Information

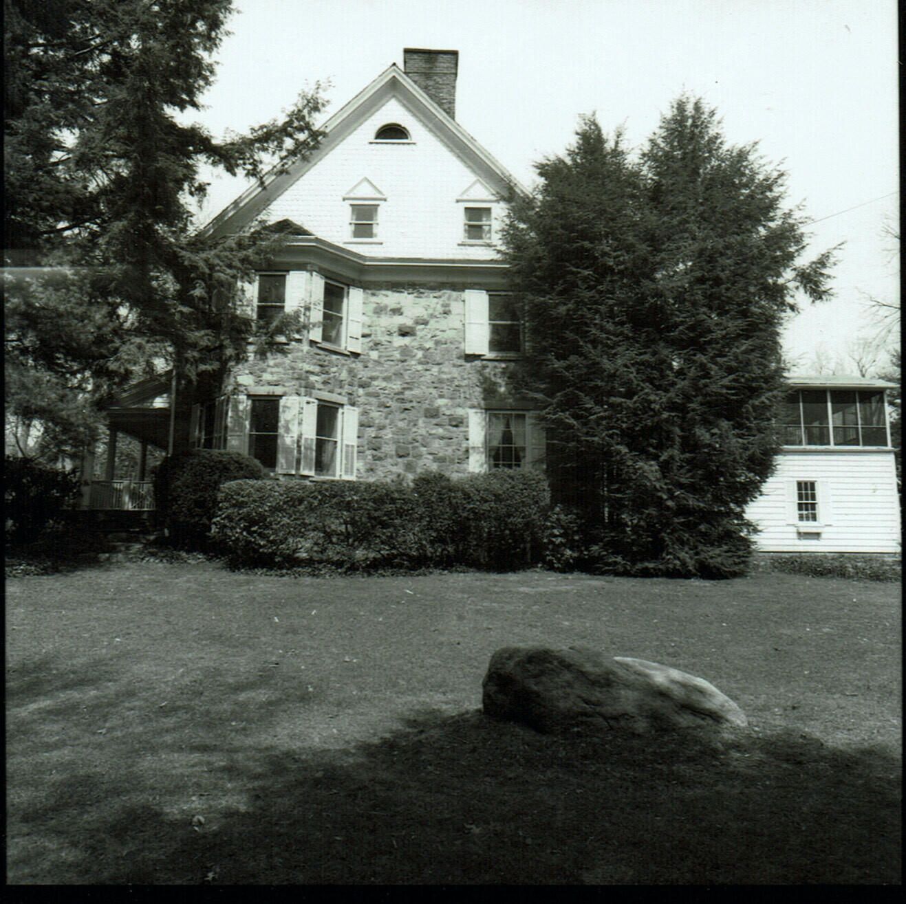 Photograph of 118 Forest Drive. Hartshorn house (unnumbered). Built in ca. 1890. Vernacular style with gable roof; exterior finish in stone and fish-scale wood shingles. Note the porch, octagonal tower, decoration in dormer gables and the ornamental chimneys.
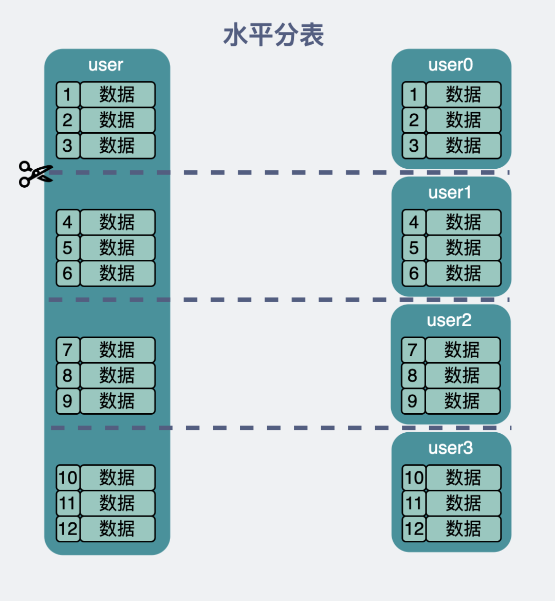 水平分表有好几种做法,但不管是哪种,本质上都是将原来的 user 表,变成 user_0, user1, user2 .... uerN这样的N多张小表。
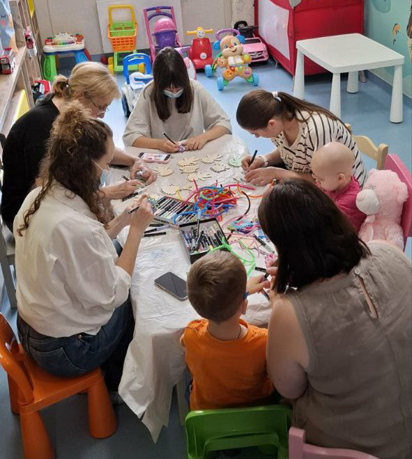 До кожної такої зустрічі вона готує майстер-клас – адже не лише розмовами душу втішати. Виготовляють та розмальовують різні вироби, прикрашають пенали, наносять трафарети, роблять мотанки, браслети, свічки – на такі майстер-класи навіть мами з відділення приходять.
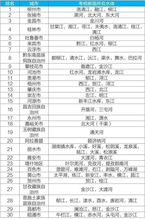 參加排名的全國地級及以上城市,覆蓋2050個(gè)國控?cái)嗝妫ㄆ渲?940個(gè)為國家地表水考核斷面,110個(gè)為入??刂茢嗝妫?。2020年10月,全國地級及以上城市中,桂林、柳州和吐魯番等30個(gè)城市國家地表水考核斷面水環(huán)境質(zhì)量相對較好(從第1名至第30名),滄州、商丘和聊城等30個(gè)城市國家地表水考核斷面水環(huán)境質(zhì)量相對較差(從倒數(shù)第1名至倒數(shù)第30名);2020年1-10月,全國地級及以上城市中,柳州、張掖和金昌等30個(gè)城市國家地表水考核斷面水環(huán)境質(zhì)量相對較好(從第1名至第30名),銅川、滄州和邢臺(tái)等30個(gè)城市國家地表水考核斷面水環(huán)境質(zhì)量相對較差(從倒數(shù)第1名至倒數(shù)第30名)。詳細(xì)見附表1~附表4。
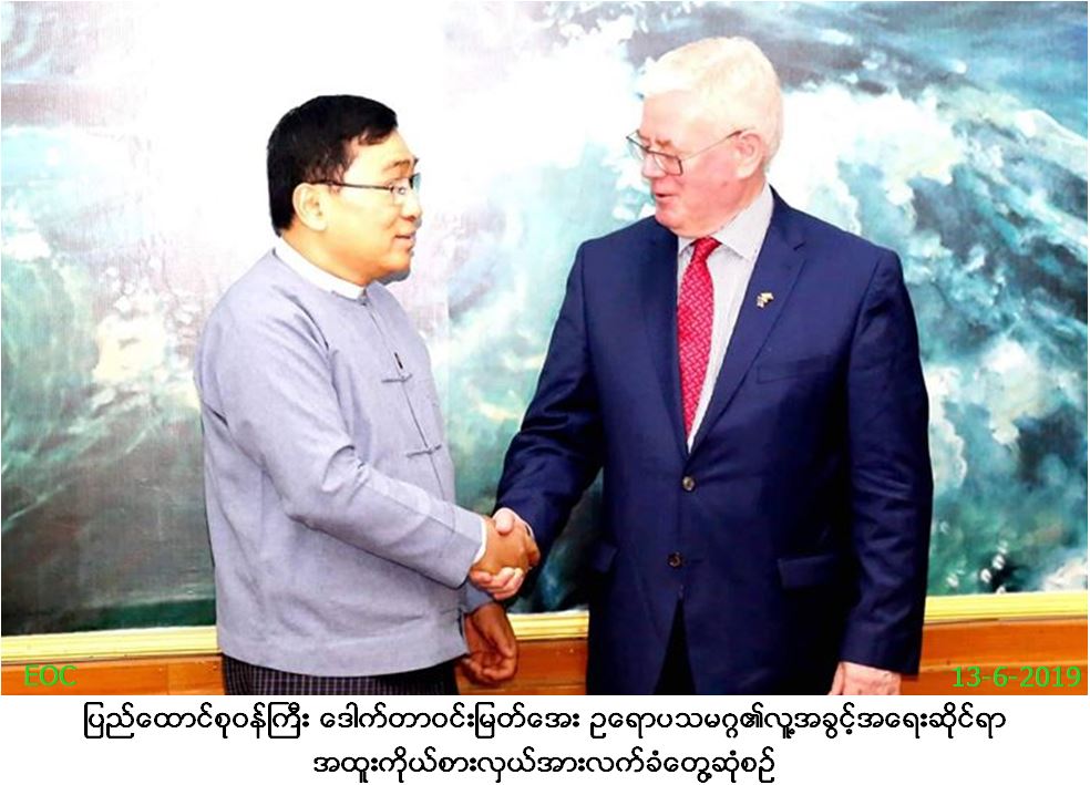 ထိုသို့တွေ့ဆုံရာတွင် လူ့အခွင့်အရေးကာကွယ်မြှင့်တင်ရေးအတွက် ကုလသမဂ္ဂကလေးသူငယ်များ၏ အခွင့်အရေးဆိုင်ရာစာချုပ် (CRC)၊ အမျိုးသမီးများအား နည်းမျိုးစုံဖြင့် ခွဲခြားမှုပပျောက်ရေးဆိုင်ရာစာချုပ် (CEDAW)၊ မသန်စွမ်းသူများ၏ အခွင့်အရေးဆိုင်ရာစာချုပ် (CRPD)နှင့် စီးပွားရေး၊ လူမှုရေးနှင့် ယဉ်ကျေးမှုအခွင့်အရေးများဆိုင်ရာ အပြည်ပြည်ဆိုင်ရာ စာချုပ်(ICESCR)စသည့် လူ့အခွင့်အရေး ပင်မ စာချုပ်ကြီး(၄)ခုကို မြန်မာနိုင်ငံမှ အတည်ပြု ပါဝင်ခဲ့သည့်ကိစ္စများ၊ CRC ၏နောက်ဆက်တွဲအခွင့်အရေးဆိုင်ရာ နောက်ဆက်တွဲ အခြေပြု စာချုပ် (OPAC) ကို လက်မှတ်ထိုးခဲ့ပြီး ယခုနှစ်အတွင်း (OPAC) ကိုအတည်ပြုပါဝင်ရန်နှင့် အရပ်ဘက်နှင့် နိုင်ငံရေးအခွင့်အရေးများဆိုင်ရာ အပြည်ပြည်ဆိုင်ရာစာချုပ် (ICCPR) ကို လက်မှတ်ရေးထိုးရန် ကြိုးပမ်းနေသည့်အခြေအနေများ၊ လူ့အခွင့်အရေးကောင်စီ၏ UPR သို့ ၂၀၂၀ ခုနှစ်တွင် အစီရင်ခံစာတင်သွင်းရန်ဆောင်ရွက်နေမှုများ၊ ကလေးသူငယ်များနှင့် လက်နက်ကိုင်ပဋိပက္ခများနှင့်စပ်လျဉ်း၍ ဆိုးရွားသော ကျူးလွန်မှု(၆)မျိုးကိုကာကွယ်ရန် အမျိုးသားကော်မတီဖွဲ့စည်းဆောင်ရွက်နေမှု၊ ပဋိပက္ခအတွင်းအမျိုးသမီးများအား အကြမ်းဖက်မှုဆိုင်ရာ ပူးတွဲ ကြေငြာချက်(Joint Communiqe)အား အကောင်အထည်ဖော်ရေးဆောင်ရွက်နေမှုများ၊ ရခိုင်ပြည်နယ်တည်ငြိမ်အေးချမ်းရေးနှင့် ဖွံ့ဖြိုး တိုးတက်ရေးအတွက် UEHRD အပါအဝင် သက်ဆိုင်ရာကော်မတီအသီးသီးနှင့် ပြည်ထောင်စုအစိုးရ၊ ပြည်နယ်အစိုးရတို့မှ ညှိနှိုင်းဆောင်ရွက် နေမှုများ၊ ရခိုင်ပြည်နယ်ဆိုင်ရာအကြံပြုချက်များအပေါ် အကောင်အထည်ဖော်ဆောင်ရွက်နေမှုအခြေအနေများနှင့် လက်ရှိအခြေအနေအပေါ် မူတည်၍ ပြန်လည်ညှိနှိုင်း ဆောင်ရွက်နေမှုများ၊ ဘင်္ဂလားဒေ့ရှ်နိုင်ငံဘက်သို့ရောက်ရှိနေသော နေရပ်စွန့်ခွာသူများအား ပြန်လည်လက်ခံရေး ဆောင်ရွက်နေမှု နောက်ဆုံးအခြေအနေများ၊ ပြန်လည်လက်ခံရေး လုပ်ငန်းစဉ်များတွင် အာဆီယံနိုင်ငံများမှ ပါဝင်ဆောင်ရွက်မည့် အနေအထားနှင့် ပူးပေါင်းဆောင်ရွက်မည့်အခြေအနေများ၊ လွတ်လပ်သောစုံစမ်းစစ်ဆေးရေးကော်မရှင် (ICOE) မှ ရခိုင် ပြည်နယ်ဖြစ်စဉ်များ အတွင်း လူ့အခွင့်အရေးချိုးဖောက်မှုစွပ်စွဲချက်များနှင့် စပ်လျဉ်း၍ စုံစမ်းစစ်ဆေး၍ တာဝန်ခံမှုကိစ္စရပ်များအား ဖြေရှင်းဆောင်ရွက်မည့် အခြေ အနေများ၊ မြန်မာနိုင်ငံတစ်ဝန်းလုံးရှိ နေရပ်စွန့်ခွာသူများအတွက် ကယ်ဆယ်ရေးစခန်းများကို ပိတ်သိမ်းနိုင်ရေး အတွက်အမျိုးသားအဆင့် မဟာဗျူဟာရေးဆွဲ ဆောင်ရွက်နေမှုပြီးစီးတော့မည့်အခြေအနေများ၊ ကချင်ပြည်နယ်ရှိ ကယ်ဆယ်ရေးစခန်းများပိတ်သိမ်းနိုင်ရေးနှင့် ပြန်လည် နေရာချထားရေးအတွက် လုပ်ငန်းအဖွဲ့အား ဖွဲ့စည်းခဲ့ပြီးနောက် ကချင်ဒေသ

Your task
Print the whole listing exactly. No pictures belong in the copy.

Answer for the task
 Photograph of 118 Forest Drive. Hartshorn house (unnumbered). Built in ca. 1890. Vernacular style with gable roof; exterior finish in stone and fish-scale wood shingles. Note the porch, octagonal tower, decoration in dormer gables and the ornamental chimneys.
 水平分表有好几种做法,但不管是哪种,本质上都是将原来的 user 表,变成 user_0, user1, user2 .... uerN这样的N多张小表。
 До кожної такої зустрічі вона готує майстер-клас – адже не лише розмовами душу втішати. Виготовляють та розмальовують різні вироби, прикрашають пенали, наносять трафарети, роблять мотанки, браслети, свічки – на такі майстер-класи навіть мами з відділення приходять.
 參加排名的全國地級及以上城市,覆蓋2050個(gè)國控?cái)嗝妫ㄆ渲?940個(gè)為國家地表水考核斷面,110個(gè)為入??刂茢嗝妫?。2020年10月,全國地級及以上城市中,桂林、柳州和吐魯番等30個(gè)城市國家地表水考核斷面水環(huán)境質(zhì)量相對較好(從第1名至第30名),滄州、商丘和聊城等30個(gè)城市國家地表水考核斷面水環(huán)境質(zhì)量相對較差(從倒數(shù)第1名至倒數(shù)第30名);2020年1-10月,全國地級及以上城市中,柳州、張掖和金昌等30個(gè)城市國家地表水考核斷面水環(huán)境質(zhì)量相對較好(從第1名至第30名),銅川、滄州和邢臺(tái)等30個(gè)城市國家地表水考核斷面水環(huán)境質(zhì)量相對較差(從倒數(shù)第1名至倒數(shù)第30名)。詳細(xì)見附表1~附表4。
 ထိုသို့တွေ့ဆုံရာတွင် လူ့အခွင့်အရေးကာကွယ်မြှင့်တင်ရေးအတွက် ကုလသမဂ္ဂကလေးသူငယ်များ၏ အခွင့်အရေးဆိုင်ရာစာချုပ် (CRC)၊ အမျိုးသမီးများအား နည်းမျိုးစုံဖြင့် ခွဲခြားမှုပပျောက်ရေးဆိုင်ရာစာချုပ် (CEDAW)၊ မသန်စွမ်းသူများ၏ အခွင့်အရေးဆိုင်ရာစာချုပ် (CRPD)နှင့် စီးပွားရေး၊ လူမှုရေးနှင့် ယဉ်ကျေးမှုအခွင့်အရေးများဆိုင်ရာ အပြည်ပြည်ဆိုင်ရာ စာချုပ်(ICESCR)စသည့် လူ့အခွင့်အရေး ပင်မ စာချုပ်ကြီး(၄)ခုကို မြန်မာနိုင်ငံမှ အတည်ပြု ပါဝင်ခဲ့သည့်ကိစ္စများ၊ CRC ၏နောက်ဆက်တွဲအခွင့်အရေးဆိုင်ရာ နောက်ဆက်တွဲ အခြေပြု စာချုပ် (OPAC) ကို လက်မှတ်ထိုးခဲ့ပြီး ယခုနှစ်အတွင်း (OPAC) ကိုအတည်ပြုပါဝင်ရန်နှင့် အရပ်ဘက်နှင့် နိုင်ငံရေးအခွင့်အရေးများဆိုင်ရာ အပြည်ပြည်ဆိုင်ရာစာချုပ် (ICCPR) ကို လက်မှတ်ရေးထိုးရန် ကြိုးပမ်းနေသည့်အခြေအနေများ၊ လူ့အခွင့်အရေးကောင်စီ၏ UPR သို့ ၂၀၂၀ ခုနှစ်တွင် အစီရင်ခံစာတင်သွင်းရန်ဆောင်ရွက်နေမှုများ၊ ကလေးသူငယ်များနှင့် လက်နက်ကိုင်ပဋိပက္ခများနှင့်စပ်လျဉ်း၍ ဆိုးရွားသော ကျူးလွန်မှု(၆)မျိုးကိုကာကွယ်ရန် အမျိုးသားကော်မတီဖွဲ့စည်းဆောင်ရွက်နေမှု၊ ပဋိပက္ခအတွင်းအမျိုးသမီးများအား အကြမ်းဖက်မှုဆိုင်ရာ ပူးတွဲ ကြေငြာချက်(Joint Communiqe)အား အကောင်အထည်ဖော်ရေးဆောင်ရွက်နေမှုများ၊ ရခိုင်ပြည်နယ်တည်ငြိမ်အေးချမ်းရေးနှင့် ဖွံ့ဖြိုး တိုးတက်ရေးအတွက် UEHRD အပါအဝင် သက်ဆိုင်ရာကော်မတီအသီးသီးနှင့် ပြည်ထောင်စုအစိုးရ၊ ပြည်နယ်အစိုးရတို့မှ ညှိနှိုင်းဆောင်ရွက် နေမှုများ၊ ရခိုင်ပြည်နယ်ဆိုင်ရာအကြံပြုချက်များအပေါ် အကောင်အထည်ဖော်ဆောင်ရွက်နေမှုအခြေအနေများနှင့် လက်ရှိအခြေအနေအပေါ် မူတည်၍ ပြန်လည်ညှိနှိုင်း ဆောင်ရွက်နေမှုများ၊ ဘင်္ဂလားဒေ့ရှ်နိုင်ငံဘက်သို့ရောက်ရှိနေသော နေရပ်စွန့်ခွာသူများအား ပြန်လည်လက်ခံရေး ဆောင်ရွက်နေမှု နောက်ဆုံးအခြေအနေများ၊ ပြန်လည်လက်ခံရေး လုပ်ငန်းစဉ်များတွင် အာဆီယံနိုင်ငံများမှ ပါဝင်ဆောင်ရွက်မည့် အနေအထားနှင့် ပူးပေါင်းဆောင်ရွက်မည့်အခြေအနေများ၊ လွတ်လပ်သောစုံစမ်းစစ်ဆေးရေးကော်မရှင် (ICOE) မှ ရခိုင် ပြည်နယ်ဖြစ်စဉ်များ အတွင်း လူ့အခွင့်အရေးချိုးဖောက်မှုစွပ်စွဲချက်များနှင့် စပ်လျဉ်း၍ စုံစမ်းစစ်ဆေး၍ တာဝန်ခံမှုကိစ္စရပ်များအား ဖြေရှင်းဆောင်ရွက်မည့် အခြေ အနေများ၊ မြန်မာနိုင်ငံတစ်ဝန်းလုံးရှိ နေရပ်စွန့်ခွာသူများအတွက် ကယ်ဆယ်ရေးစခန်းများကို ပိတ်သိမ်းနိုင်ရေး အတွက်အမျိုးသားအဆင့် မဟာဗျူဟာရေးဆွဲ ဆောင်ရွက်နေမှုပြီးစီးတော့မည့်အခြေအနေများ၊ ကချင်ပြည်နယ်ရှိ ကယ်ဆယ်ရေးစခန်းများပိတ်သိမ်းနိုင်ရေးနှင့် ပြန်လည် နေရာချထားရေးအတွက် လုပ်ငန်းအဖွဲ့အား ဖွဲ့စည်းခဲ့ပြီးနောက် ကချင်ဒေသ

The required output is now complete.